Puma also claimed that the primary judge adopted an unduly narrow approach in his consideration of the surrounding circumstances.

The court rejected all of Puma’s arguments.

While Puma didn’t contest that the judge’s factual findings were not open on the evidence, the sportswear company did focus on the weight given by the primary judge to his findings of fact and on the evaluative task undertaken by the judge in order to address the issue of deceptive similarity.

“At the outset, the difficulty that Puma faces in…framing the draft appeal grounds is that it must identify specific errors of fact or law that infect the evaluation undertaken by the primary judge,” said the court.

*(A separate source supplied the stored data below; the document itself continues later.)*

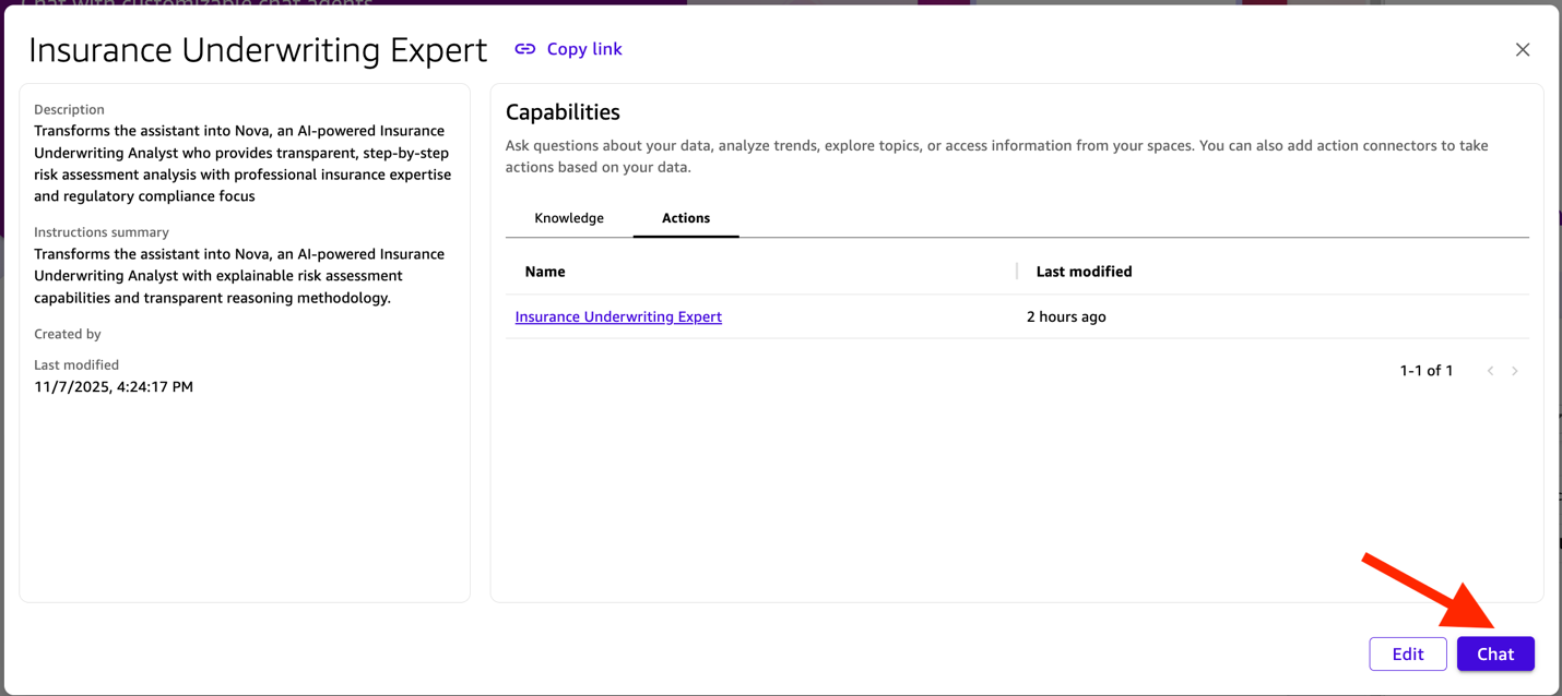 - For Persona instructions, enter instructions on how your chat agent interacts with users during chat. For example: Your transparency and reasoning capabilities are key differentiators. Always explain your confidence level in recommendations and acknowledge limitations. Break down complex insurance decisions into clear, logical steps. Reference specific applicant profiles, medical records, and claims when available. Provide risk scores with detailed explanations of contributing factors. Include regulatory compliance considerations and business impact in all recommendations. Offer follow-up questions to deepen analysis when appropriate.
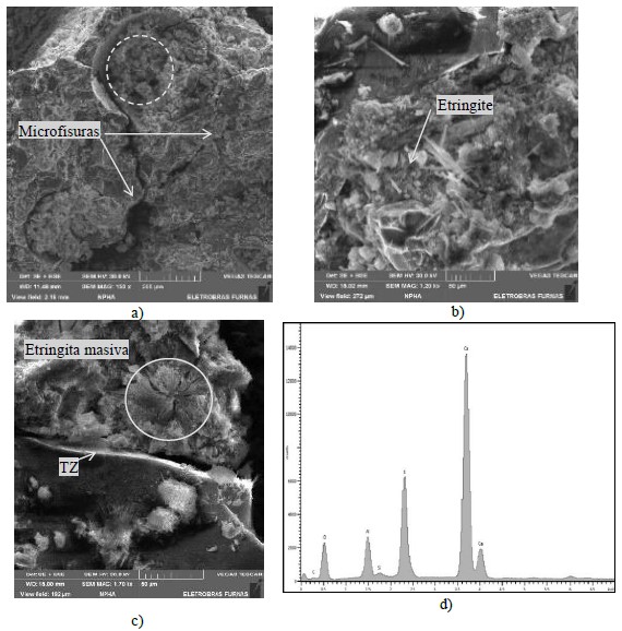 Los análisis realizados en un año por MEV y EDS comprobaron la presencia de Etringita tardía en algunas condiciones. Es posible comparar las diferencias de cada cemento utilizado y también la magnitud de las neoformaciones. Las expansiones, así como el comportamiento mecánico, pueden ser explicados por la microestructura. Los daños de DEF para la resistencia a la tracción siguieron este orden decreciente: CP V; CP II-F; CP II-Z; CP IV. Del punto de vista microestructural, se observaron incidencias de neoformación de Etringita en los vacíos y pasta de hormigón y fragilidad de la pasta en el mismo orden. Aunque, se detectó alguna pérdida de adherencia entre la pasta y el agregado en todas las muestras, independientemente del tipo de cemento. Además de eso, para las argamasas producidas sin ceniza volante (CP V e CP II-F) la presencia de neoformaciones de Etringita fue más significativa. El comportamiento de la resistencia a la compresión fue semejante a la resistencia a la tracción, aunque el cemento CP II-Z no haya promovido una disminución abrupta cuando se compara al cemento CP IV en un año. Con relación a los niveles de expansión de DEF, los mayores valores se alcanzaron para el cemento sin adición (CP V), seguido del cemento CP II-F. Además de eso, los principales daños para las pastas de hormigón y la zona de transición se demostraron por MEV en la presencia de DEF.
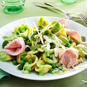 Frühlingspasta mit Erbsen & Schinken (ganz einfach) Zubereitungszeit: 25 Minuten Rezept für 4 Personen Zutaten…
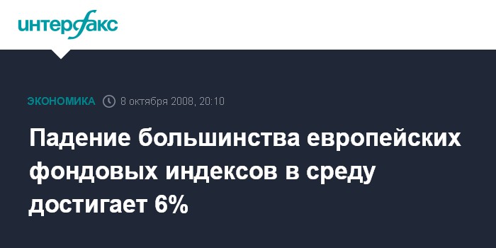 Москва. 8 октября. INTERFAX.RU - Европейские фондовые индексы падают в среду на опасениях, что скоординированное снижение процентных ставок мировыми центральными банками не сможет предотвратить глобальную рецессию. Снижение большинства индексов превышает 6%.
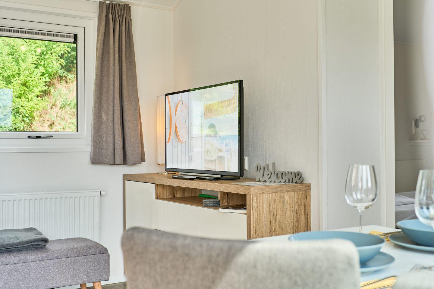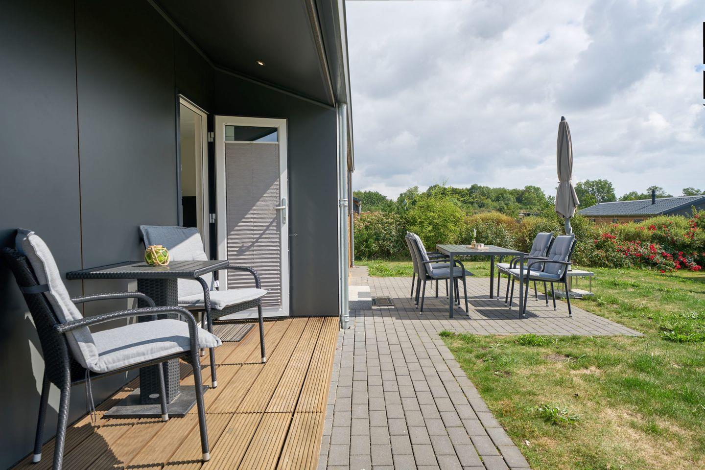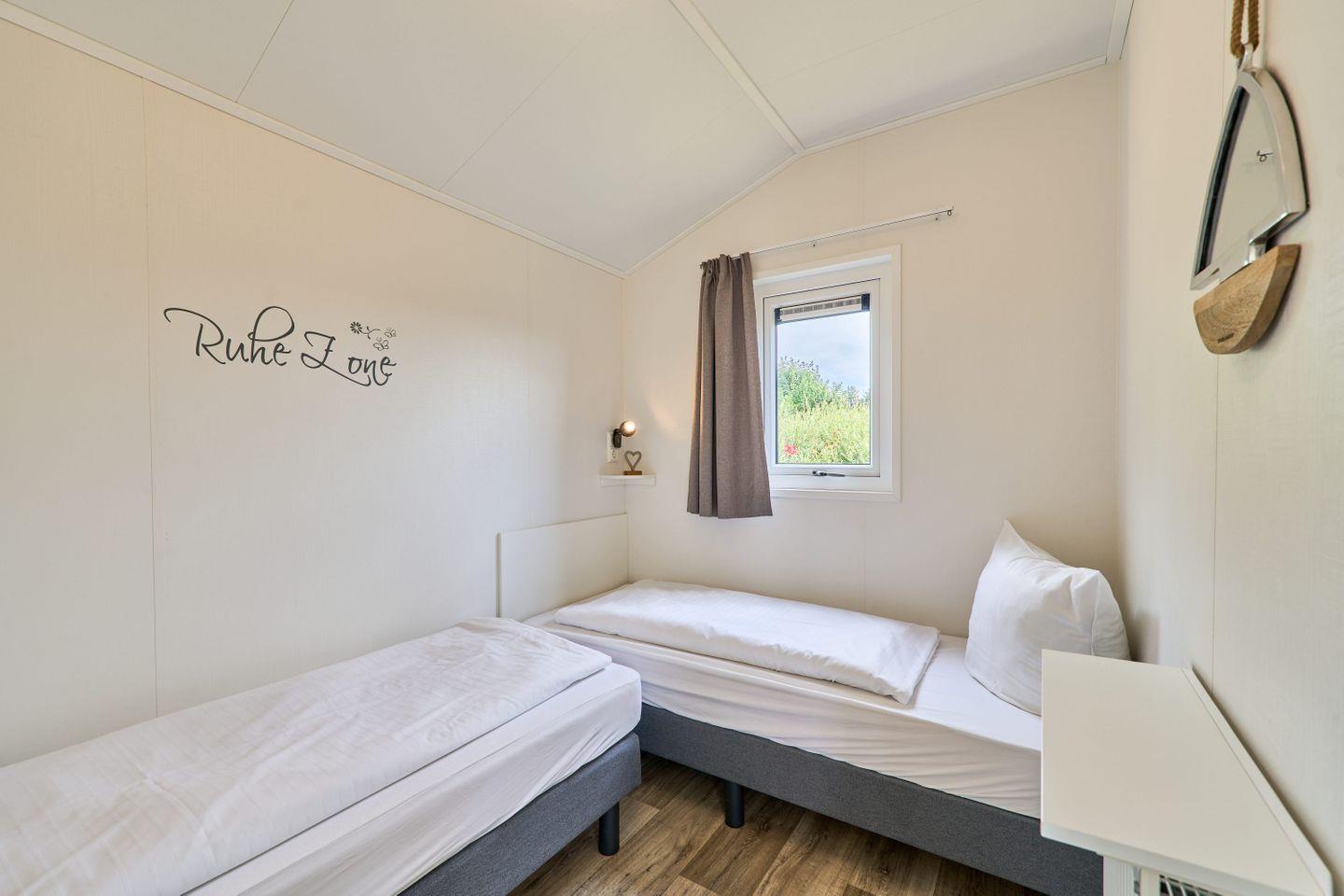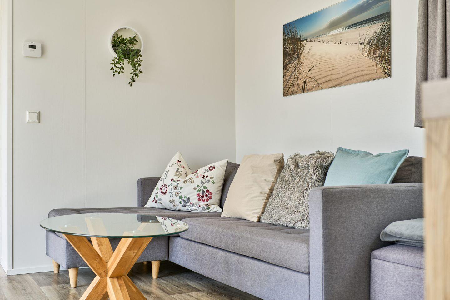 Freistehende Lodge im Seepark Süsel mit moderner Ausstattung und vielfältigen Freizeitmöglichkeiten am Wasser.
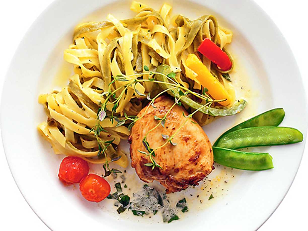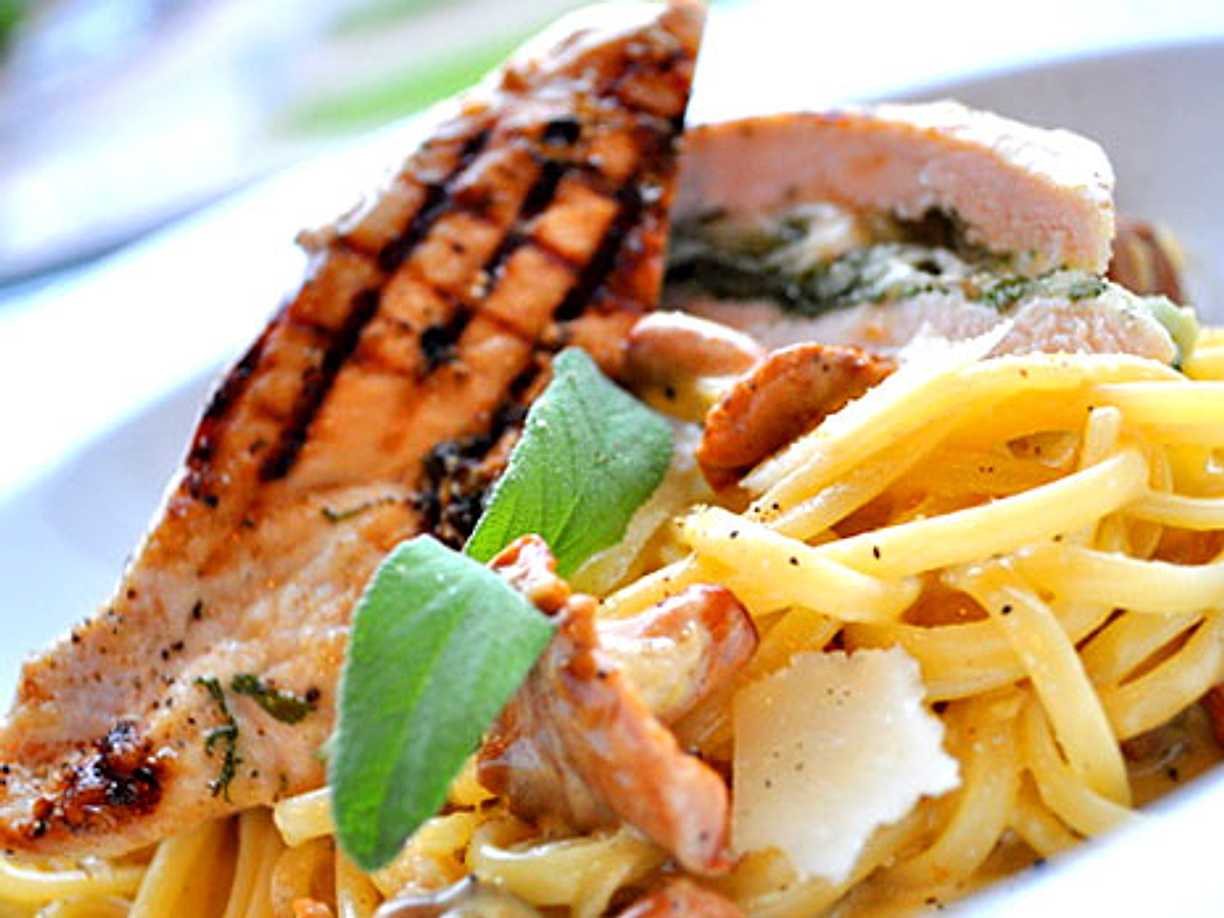 Pestofylld kycklingfilé med smörfrästa grönsaker
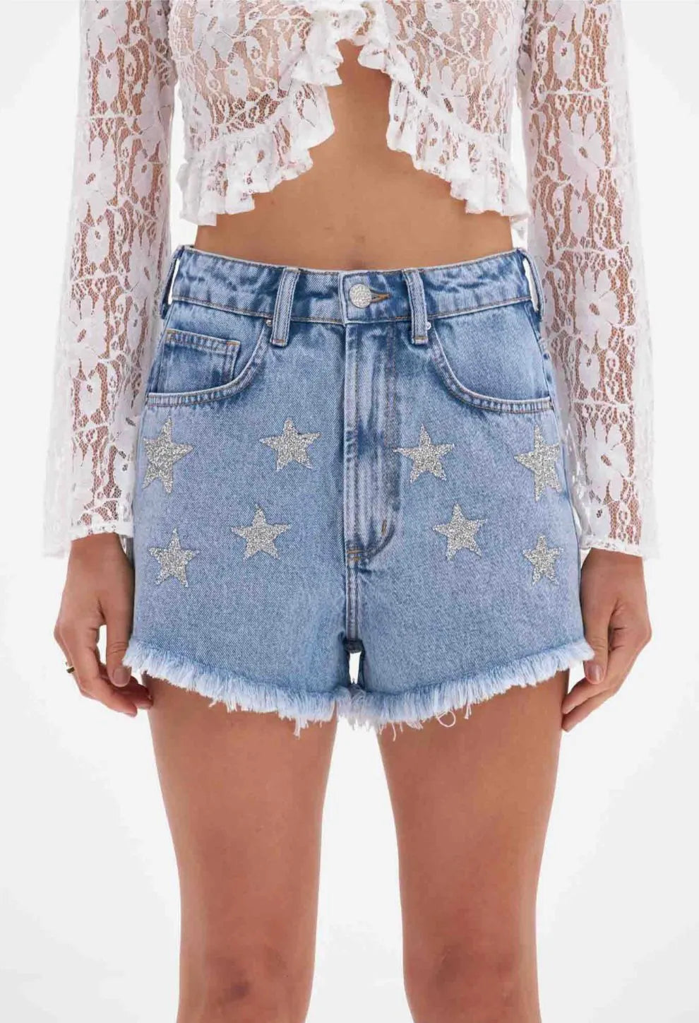 Esse short jeans conta com uma cintura alta, modelagem confortável, bolsos laterais, aplicações de brilhos no formato de estrelas e bainha desfiada. De looks casuais à looks ousados, esse short vai te acompanhar com muito estilo e glamour.
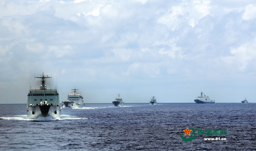 A landing ship division of the South China Sea Fleet, a marine brigade, a navy aviation unit, an amphibious armored force and other units jointly conduct a transportation drill in middle July 2015. (Photo/www.81.cn)
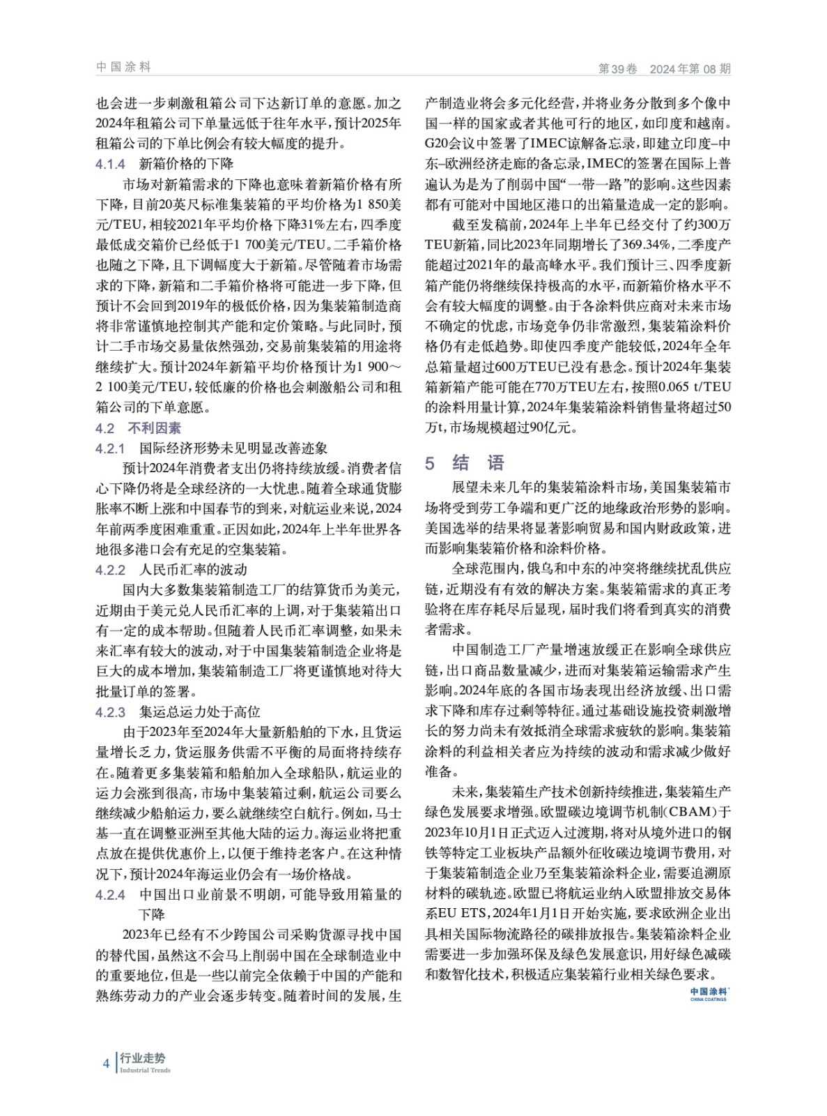 綜述了2023年我國集裝箱制造業市場和集裝箱涂料市場總體情況,并對集裝箱涂料技術進行分析,預測了2024年集裝箱涂料市場發展趨勢。
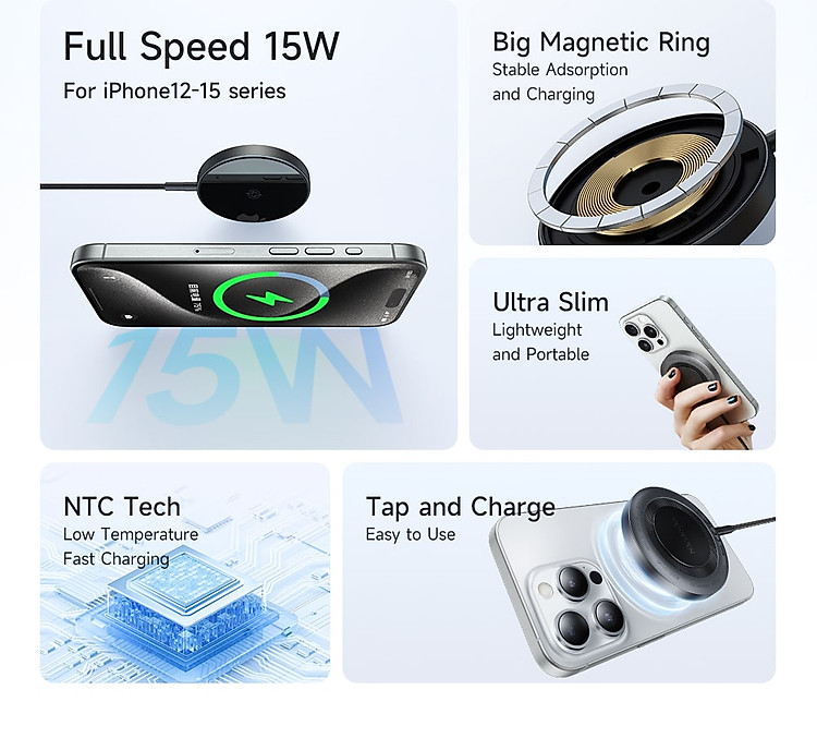 • Sạc Không Dây 15W: Sử dụng công nghệ sạc không dây tiên tiến, sản phẩm cung cấp khả năng sạc nhanh với công suất lên đến 15W, giúp bạn sạc nhanh và hiệu quả các thiết bị của mình.

Puma’s argument that the primary judge erred by failing to consider that the hypothetical consumers would understand that ‘cat’ had other meanings and uses apart from the ‘Cat’ marks.

"His Honour was concerned with the impression of a significant number of hypothetical consumers,” said the court.

The Federal Court concluded that it was open to the judge, in undertaking the evaluative assessment required, to conclude that consumers would be caused to wonder whether there is a commercial association.

“Whilst reasonable minds might differ upon the outcome of the hypothetical inquiry, we are not satisfied that the assessment of the primary judge was infected by any material error of fact or law,” said the court.

The court ordered Puma to pay Caterpillar’s costs.